The Frontlines of Peace by Severine Autesserre

The Frontlines of Peace by Severine Autesserre

Author:Severine Autesserre
Language: eng
Format: epub
Publisher: Oxford University Press
Published: 2020-10-15T00:00:00+00:00


The Top-Down Tyranny

The Swedish diplomat Lena Sundh paid a heavy price in this fight, and she also happens to be one of my heroes. Not only because she is a woman who made it in a male-dominated world—she has been ambassador to Angola, second-in-command of the United Nations peacekeeping mission in Congo, and Sweden’s Special Envoy for the African Great Lakes. Not only because she is kind, funny, and approachable—she was one of the few people who treated me like an intellectual equal, and not a student to be lectured, when I interviewed her for my doctoral research. But also because she was one of the first outsiders to realize the importance of local conflict resolution in Congo, and she has spent most of the past 20 years advocating for a reform to the Peace, Inc. approach in the region.
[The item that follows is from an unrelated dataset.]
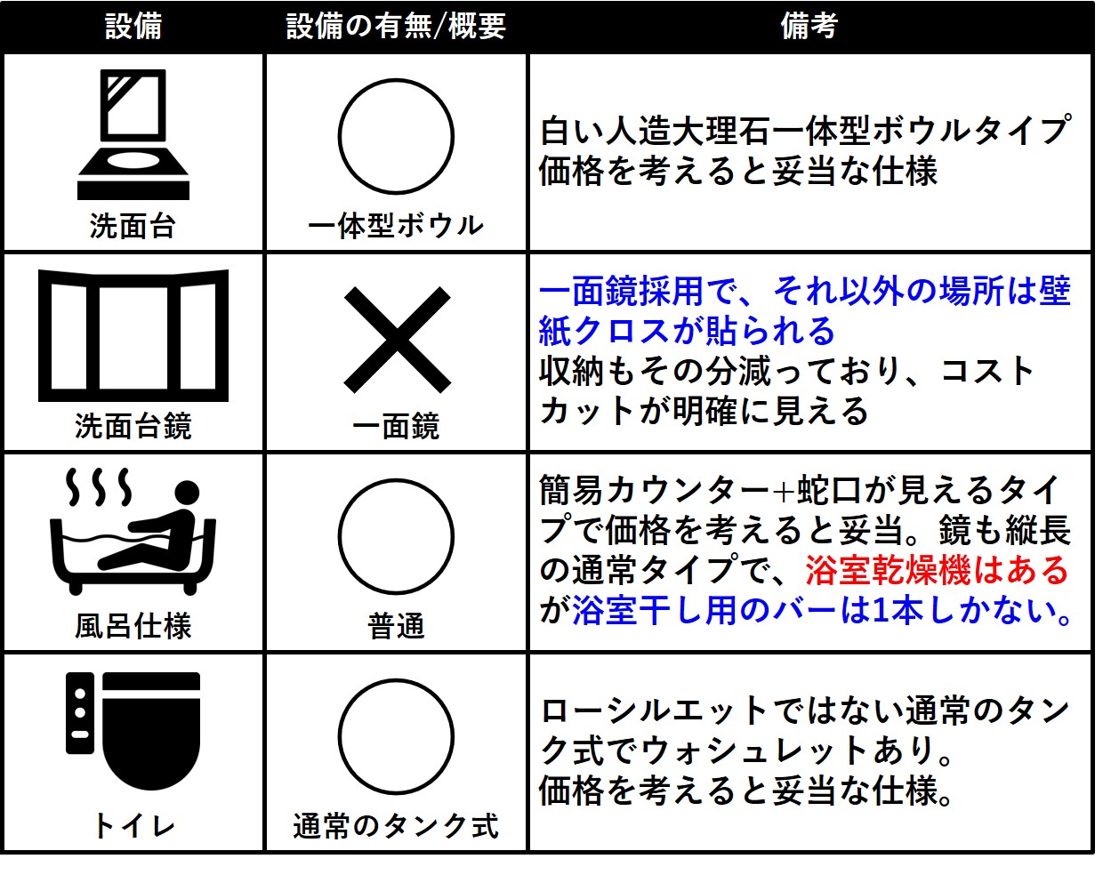 それ以外は△も付いていますが実用的には大きな問題になる箇所は少ないのではないでしょうか。

When Sundh was deputy special representative of the United Nations secretary-general in Congo (2002–2004), she set up a unit with a few trusted collaborators and, together, they advocated for a new approach to the ongoing violence: managing the conflict from the bottom up until the time was ripe for top-down action. They felt they had much more influence with local and provincial leaders than with national and international ones, so working with the former would be a better use of their time and energy.

As Sundh recalled, this was such a new and controversial idea that her team first had to write a policy document to explain that addressing grassroots tensions was indeed part of the United Nations peacekeepers’ jobs. Sundh also realized that, if she wanted her colleagues to pay attention to local conflicts, her best bet was to argue that local problems threatened national reconciliation.
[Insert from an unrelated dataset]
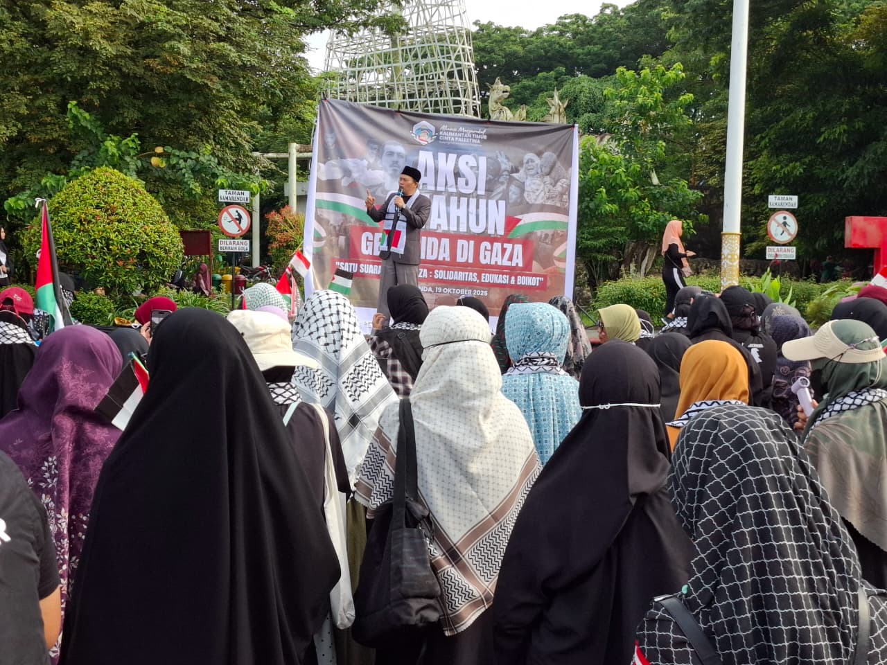 Dalam suasana yang penuh semangat, orator lain juga menyampaikan seruan keras terhadap keheningan dunia internasional di tengah penderitaan rakyat Gaza.

The headquarters endorsed her new strategy in mid-2003, but apart from a few analyses of violence in various eastern provinces, a couple of action plans for approaching these conflicts, some training sessions, and a handful of negotiations toward ceasefires between select villages, nothing much materialized. Indeed, Sundh did not benefit from the credibility, power, and influence usually attached to her rank. She and her collaborators faced tremendous resistance whenever they tried to implement their ideas. Some of their peacekeeping colleagues launched a smear campaign, criticizing them as “authoritarian” and “arrogant,” deriding them as having slept their way to the top, and ridiculing them through countless creepy jokes. Sundh herself was rumored to be a lesbian—a libelous accusation meant to undermine her in the eyes of her many sexist and conservative colleagues. And unfortunately, it worked. Sundh was hurt, deeply, and she and her team never managed to put her alternative strategy in practice.
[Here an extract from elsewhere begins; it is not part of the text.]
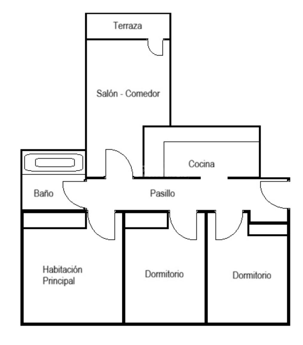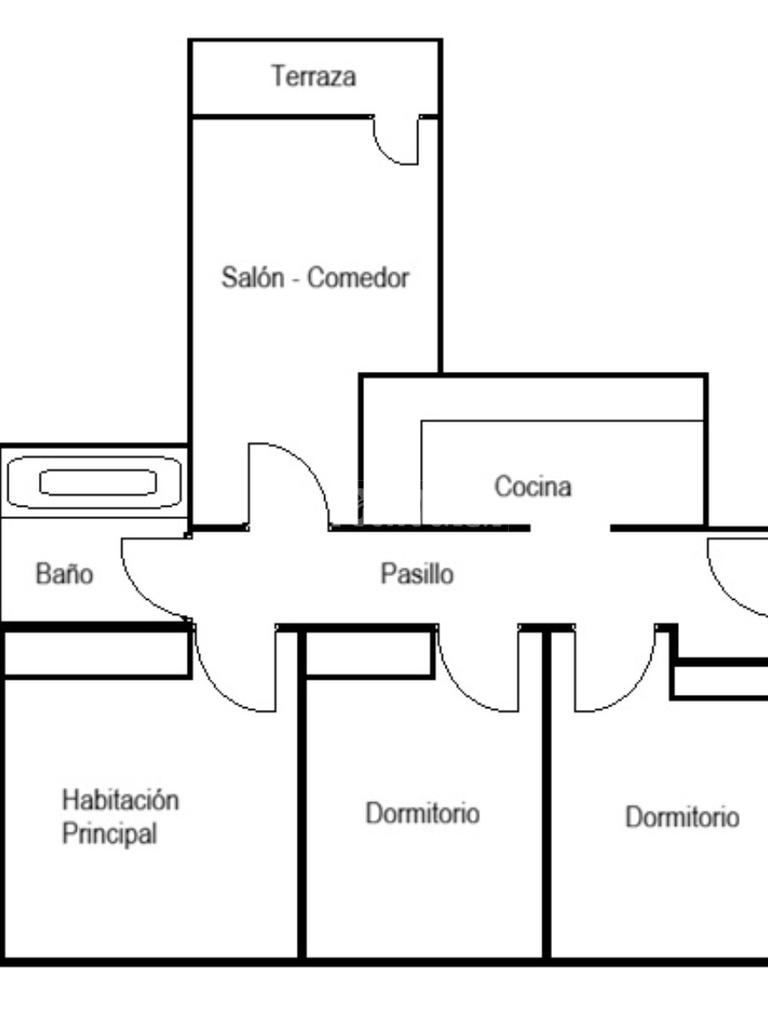 Piso de 3 dormitorios, distribuido de la siguiente manera: Salón-comedor luminoso con salida a terraza, cocina independiente, dormitorio principal luminoso con armarios empotrados, habitación secundaria con armarios empotrados, baño completo con bañera.

Another local peacebuilding advocate, François Grignon, tried to keep the initiative going after Sundh left the mission in 2004, but again without much success. Within a few years, Sundh’s idea became a guarded secret. Only a few United Nations staff members agreed to talk to me about it, only under conditions of strict confidentiality, and only after I had gained their trust through repeated meetings.